For a moment it felt like a hammer in his heart--she was speaking more frankly about his situation than anyone except Andrew. But then she was Andrew's sister, wasn't she? He should have expected her to be plain-spoken.
"Or do you prefer that we pretend that it isn't a barrier between you and other people?"
Apparently she had sensed his shock. But that was over, and now it occurred to him that he probably shouldn't be annoyed, that he should probably be glad that they wouldn't have to sidestep the issue. Yet he was annoyed, and it took him a moment to think why. Then he knew.
"My brain damage isn't your problem," he said.
"If it makes it hard for me to understand you, then it's a problem I have to deal with.
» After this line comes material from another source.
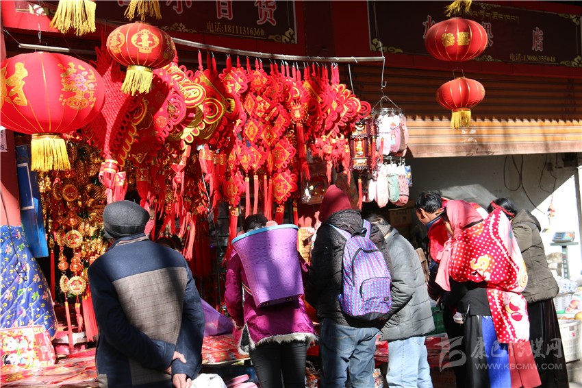 在理塘縣各個貿(mào)易市場,紅燈籠、春聯(lián)、“?!弊值裙?jié)日飾品也已擺上街頭,氣氛祥和又喜慶。同時,藏族群眾也迎來采購的繁忙時刻,人們紛紛走上街頭,挑選吃、穿、用、玩的年貨,過年的氣氛越來越濃了。 (葉強平)
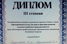 Поздравляем с победой!!! Студентки 531 группы Бадалбоева Р. и Мартьянова Н.под руководством преподавателей экономических дисциплин Ивановой Е.И. и Нуретдиновой Н.С. заняли 3 место в Республиканском конкурсе студенческих проектов и бизнес-планов"Предпринимательство, как один из факторов развития сельского хозяйства и промышленности" среди обучающихся ПОО Республики Татарстан.

Don't get prickly with me already, young man. I h
ave only begun to bother you, and you have only begun to bother me. So don't get steamed up because I happened to mention your brain damage as being somehow my problem. I have no intention of watching every word I say for fear I'll offend an oversensitive young man who thinks the whole world revolves around his disappointments."
Miro was furious that she had judged him already, and so harshly. It was unfair--not at all what the author of Demosthenes' hierarchy ought to be like. "I don't think the whole world revolves around my disappointments! But don't you think you can come in here and run things on my ship!" That's what annoyed him, not her words. She was right--her words were nothing. It was her attitude, her complete self-confidence. He wasn't used to people looking at him without shock or pity.
She sat down in the seat next to him. He swiveled to face her. She, for her part, did not look away. Indeed, she pointedly scanned his body, head to toe, looking him over with an air of cool appraisal. "He said you were tough. He said you had been twisted but not broken."
"Are you supposed to be my therapist?"
"Are you supposed to be my enemy?"
"Should I be?" asked Miro.
"No more than I should be your therapist. Andrew didn't have us meet so I could heal you. He had us meet so you could help me. If you're not going to, fine. If you are, fine. Just let me make a few things clear. I'm spending every waking moment writing subversive propaganda to try to arouse public sentiment on the Hundred Worlds and in the colonies. I'm trying to turn the people against the fleet that Starways Congress has sent to subdue Lusitania. Your world, not mine, I might add."
"Your brother's there." He was not about to let her claim complete altruism.
"Yes, we both have family there. And we both are concerned about keeping the pequeninos from destruction. And we both know that Ender has restored the hive queen on your world, so that there are two alien species that will be destroyed if Starways Congress gets its way. There's a great deal at stake, and I am already doing all that I can possibly do to try to stop that fleet. Now, if spending a few hours with you can help me do it better, it's worth taking time away from my writing in order to talk with you. But I have no intention of wasting my time worrying about whether I'm going to offend you or not. So if you're going to be my adversary, you can sit up here all by yourself and I'll get back to my work."